In-Class Final Topics

final in class, Friday, August 15

You will be allowed three two-sided pages of notes. Calculators will be allowed, although only simple computations will be necessary. The final will mostly cover material since the midterm (chapters 4-6), and will focus more on computation (rather than interpretation) and on topics not emphasized by the takehome final. (suggested problems are in parentheses -- note that some were on the homework)

  • Chapters 1-3: (see midterm notes for more detail -- these are "selected topics")
    • Probability distributions: events and set notation, rules.
    • Binomial distribution: definition, properties, square root law, law of large numbers, Gaussian approximation, Poisson approximation.
    • log(1+x) approximation.
    • Random variables: joint and marginal distributions, conditional distributions, independence, multiplication rule.
    • Expectation: definition, linearity/additivity, tail sum formula, indicators.
    • Standard deviation (SD) and Variance: definition and computation, additivity, scaling.
    • Central Limit Theorem: standardization, square root law, law of averages, random walk example.
    • Geometric distribution: definition, properties
    • First Fish principle a.k.a. craps principle. (3.4: #5, 11)
  • Chapter 4:
    • Probability densities: definition, properties, and use.
    • Exponential distribution: definition, memorylessness, CDF.
    • Poisson process/scatter: definition, Poisson counts, Exponential waiting times, independence of disjoint sets.
    • Gamma distribution: definition, sums of exponentials.
    • Change of Variable: how to do it. (4.4 #4,5)
    • Cumulative Distribution Functions: definition, use for simulation. (4.5: #5)
    • Order statistics: derivation of general formula, Beta distribution. (4.6: #3)
  • Chapter 5:
    • Joint densitites: definition, properties, and use.
    • Uniform distribution on a geometric area. (5.1: #4)
    • Independent Normals: linear combinations and rotations; Rayleigh distribution. (5.3: #3)
  • Chapter 6: (in order from class; not from the book)
    • Covariance and Correlation: definition, computation, properties, bilinearity of covariance. (6.4: #8, 9)
    • Bivariate (correlated) Normals: definition, correlation, uncorrelated = independent, conditioned. (6.5: #3, 4)
    • Conditional distributions. (6.2: #2,3,11)
    • Conditional expectation: computation.
    • Conditional densities: computation.

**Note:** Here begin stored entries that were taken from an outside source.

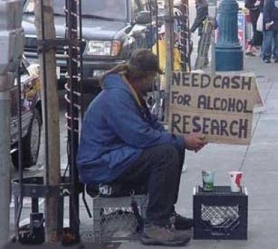 Picture of a homeless guy holding up a sign asking for cash for his dedicated alcohol research.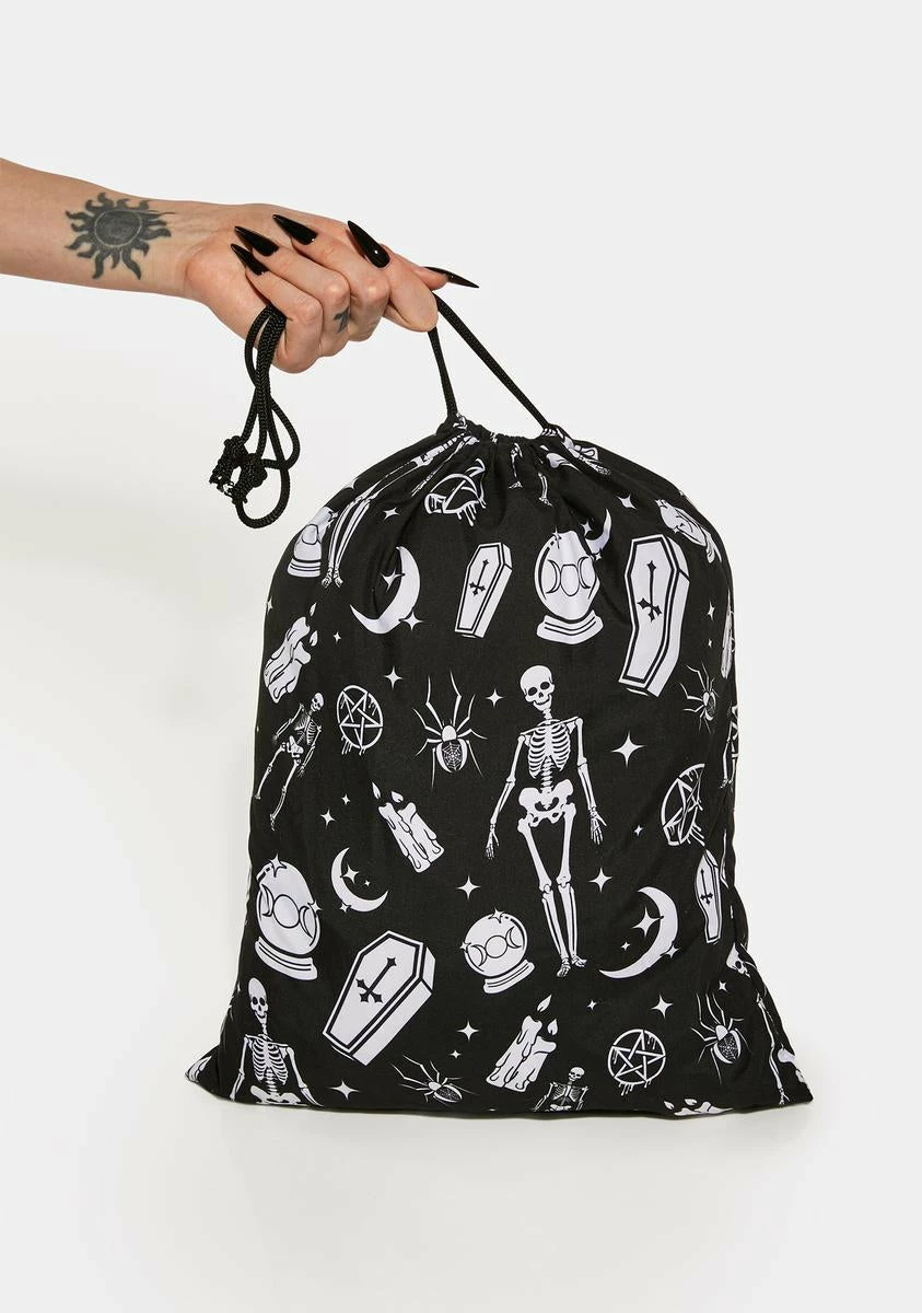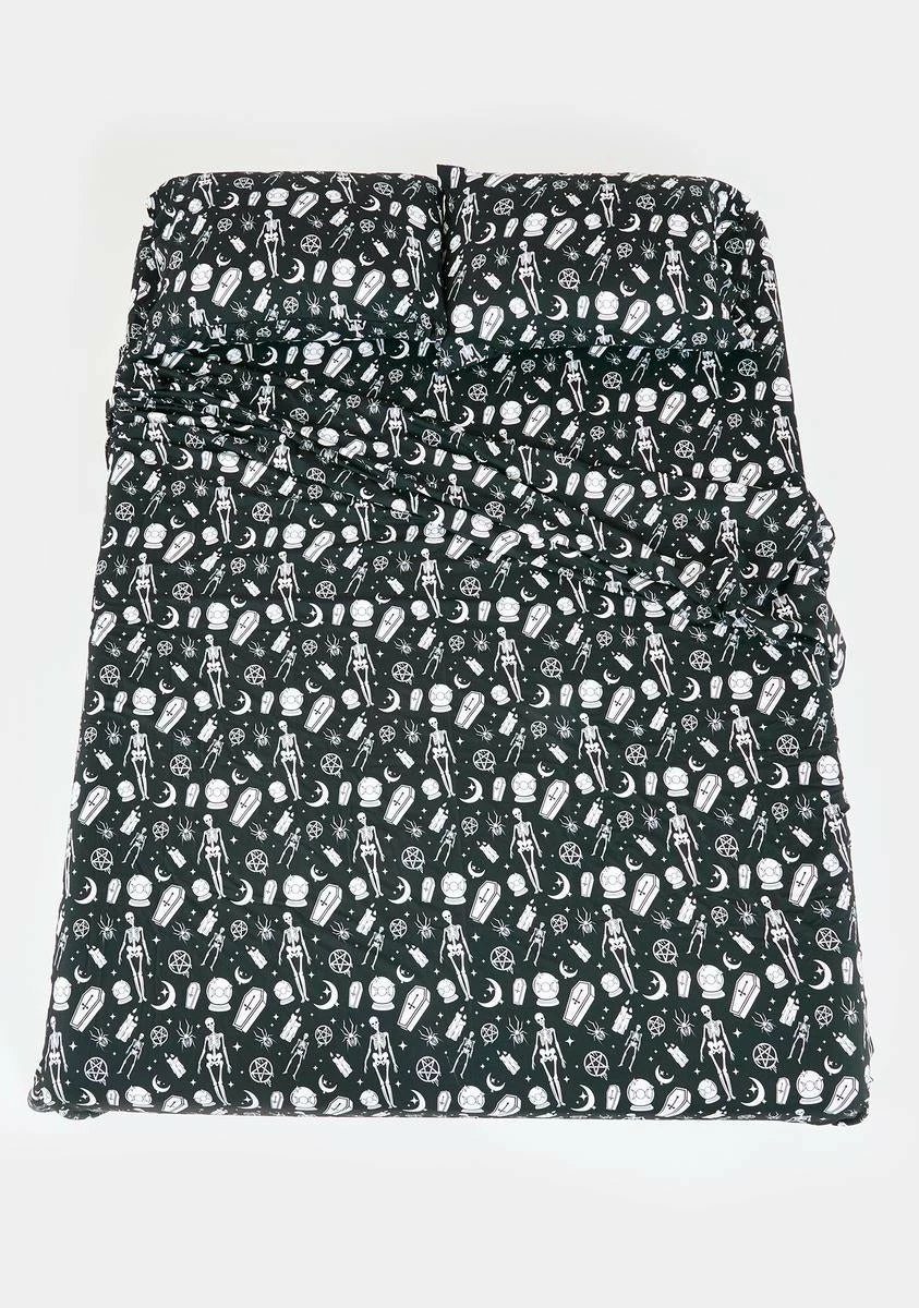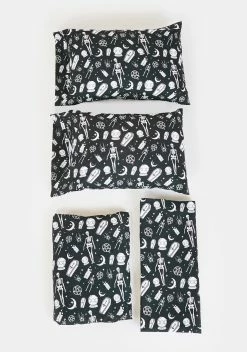 out with the light, in with the darkness. This bedding set comes with one fitted sheet, one flat sheet, a set of two pillow cases, and a drawstring bag, all in a gothic symbol print.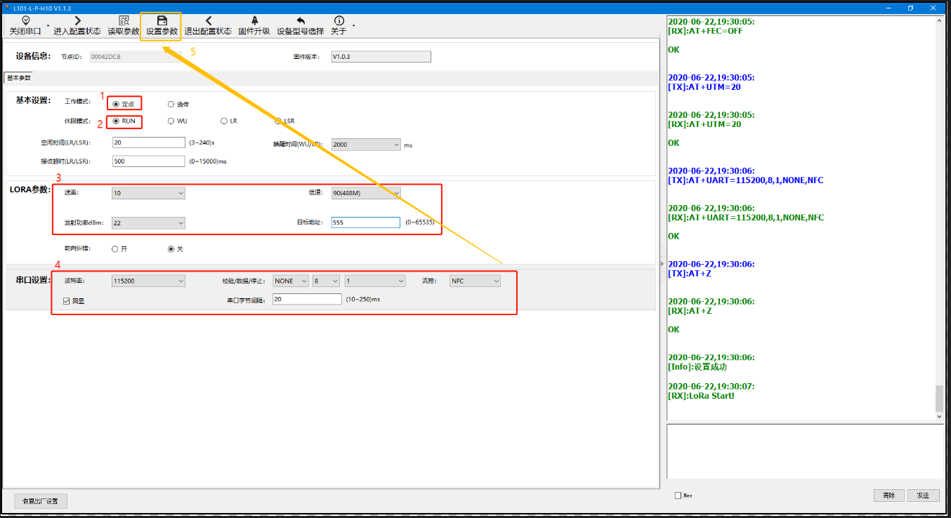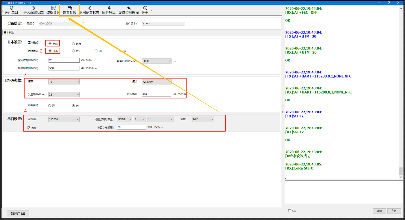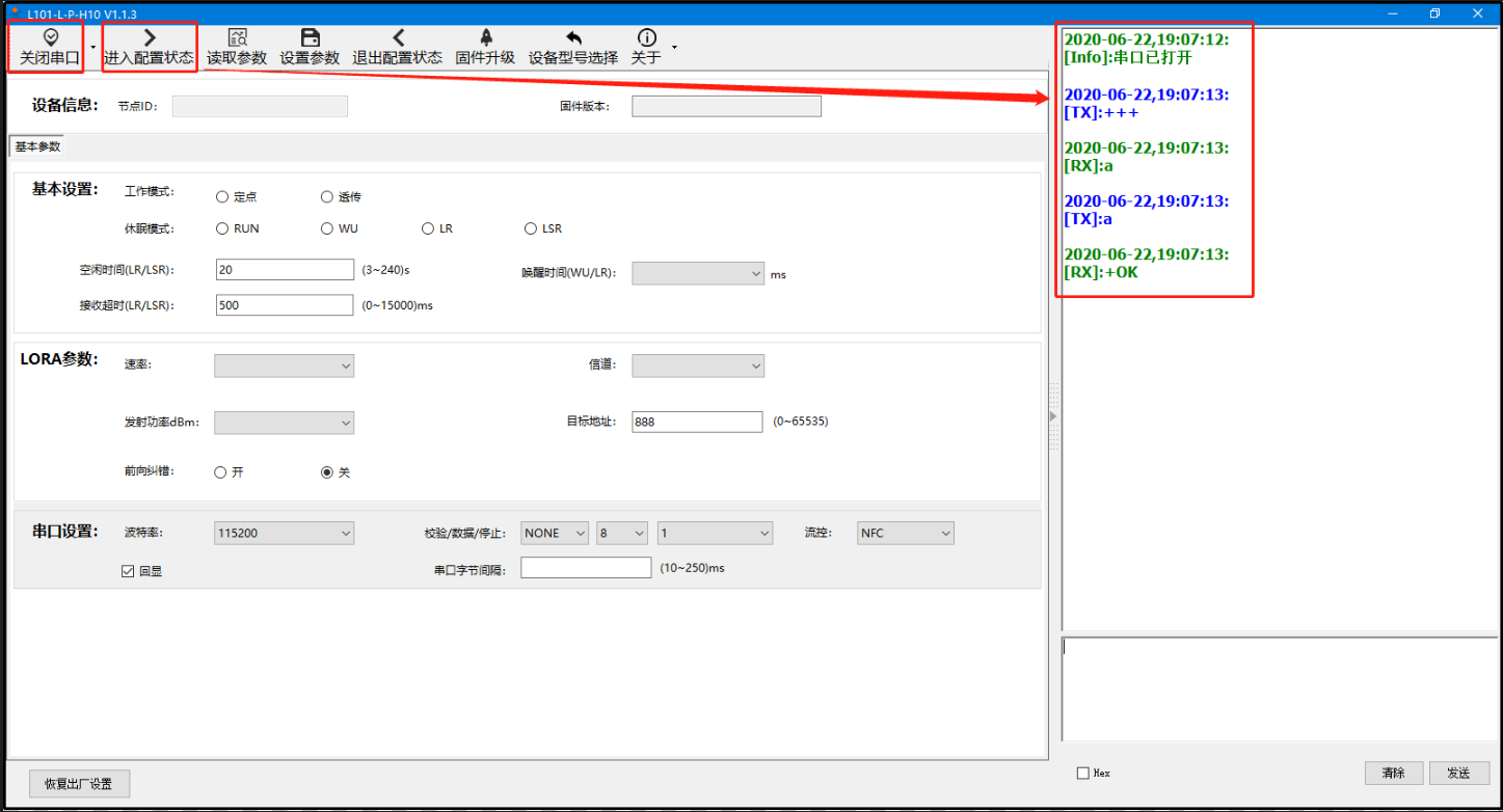 A、打開LoRa設(shè)置軟件(產(chǎn)品型號選擇為L101-L-p-H10),依次點擊打開串口(選擇A、B對應(yīng)的串口號,串口參數(shù):115200,None,8,1,NFC)、進入配置狀態(tài)、讀取參數(shù)、配置上表中的參數(shù)、一鍵設(shè)置所有參數(shù),關(guān)閉LoRa設(shè)置軟件。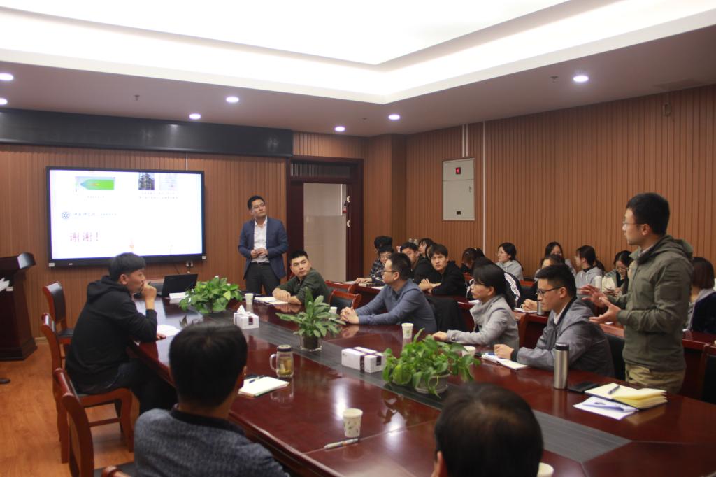 唐志永研究员作了题为“未来反应工程-道法自然的微流控化学”的学术报告。唐研究员首先介绍了反应工程的发展趋势,即围绕着传质和传热,由固定床、流化床发展为微流控化学技术。随后唐研究员介绍了在自然仿生分形工程的基础上受到的启迪从而建立仿生微分形微反应工程。唐研究员团队结合仿生分形理论设计新型反应器,并且利用CFD数值模拟,优化反应器结构,从而提高效率。唐研究员还介绍了微分形反应工程的应用领域,能源材料与催化剂的3D制造和桌面工厂-装备的3D制造。阐述了仿蜂窝分形微反应器强化FTO反应过程、仿蜂窝分形微反应器强化烯烃氢甲酰化过程和分形微气泡分布器强化烯烃氢甲酰化过程。最后唐研究员介绍了单分散性二氧化硅微球的连续流制和连续流光催化反应,小型高效的反应方式,提高过程强化,质的变化从而提高反应效果。会后,唐志永研究员与学院师生就报告内容展开了讨论与交流,对与会师生提出的问题进行耐心而细致的解答。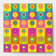 Gorgeous, colorful design featuring vintage, folk style drawing of flowers on a vibrant, tiles background. Modern and retro ornate pattern with pink, yellow and green elements. Sweet, elegant and stylish gift for every woman.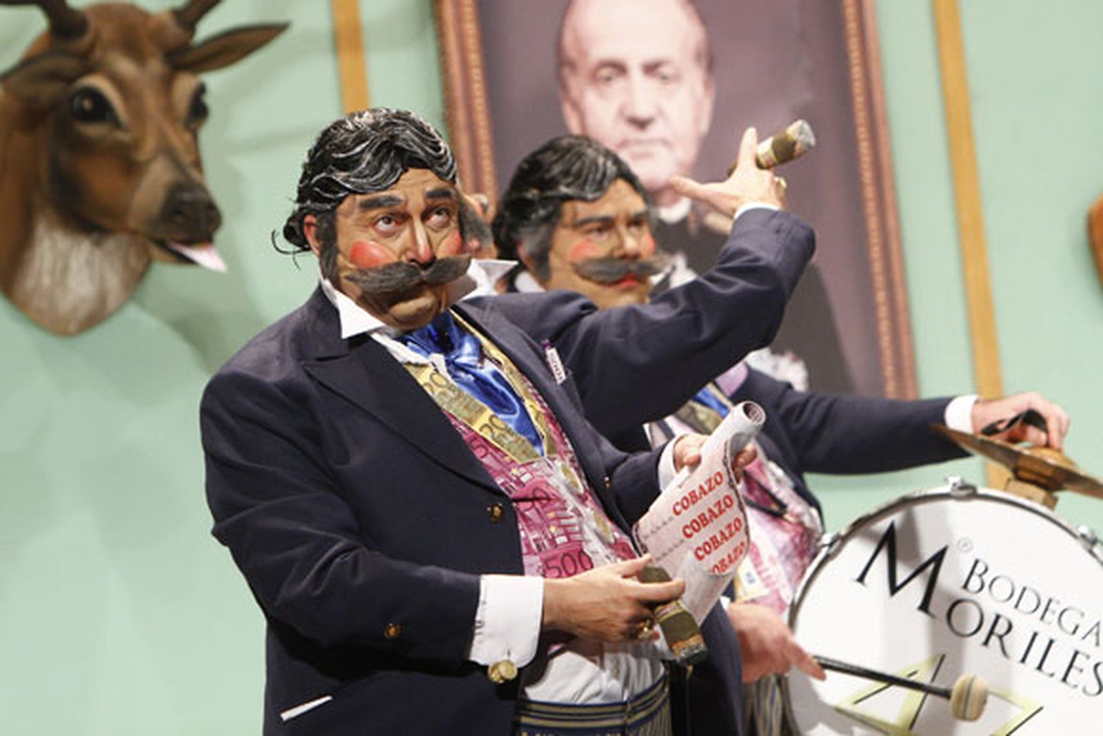 Última chirigota de la noche, la del Vera, que volvió a ofrecer un repertorio muy completo. Pasodobles de altura, el primero comparando al capitalismo con el nazismo, bien hilado. La dictadura del dinero en Europa hay que combatirla como se combatió al fascismo. Segundo, muy acertado, para el pregonero. Ya les llegará el turno al Love, Quiñones o Juan Carlos Aragón; ahora toca presumir de tener a un pregonero de la talla de Jorge Drexler. Precisamente el uruguayo también protagonizó, con cameo incluido, el primer cuplé. Segundo para los sobrecitos del PP, ambos muy buenos. Buena chirigota, con plaza a la espera de lo que haga la competencia.

Omitted topics: topics in the book that we've skipped.

  • Anything about skewness or skew-normal approximation.
  • All of Section 1.2: Interpretations
  • In Section 2.2: Markov's inequality
  • Much of Section 2.3: derivation of Gaussian approx.
  • In Section 3.2: other loss functions.
  • All of Section 3.6: Symmetry.
  • In Section 4.1: integral approx. for averages.
  • In Section 4.2: Gamma distribution for non-integer shape.
  • All of Section 4.3: Hazard rates.
  • In Section 4.6: Beta distribution for non-integer parameters.
  • In Section 5.3: Chi-Squared distribution.
  • All of Section 5.4: Operations.
  • Sections 6.2-6.3: many of the properties of conditional expectation.
  • Section 6.4: Correlation and Conditioning.
  • Section 6.5: Independence of linear combinations.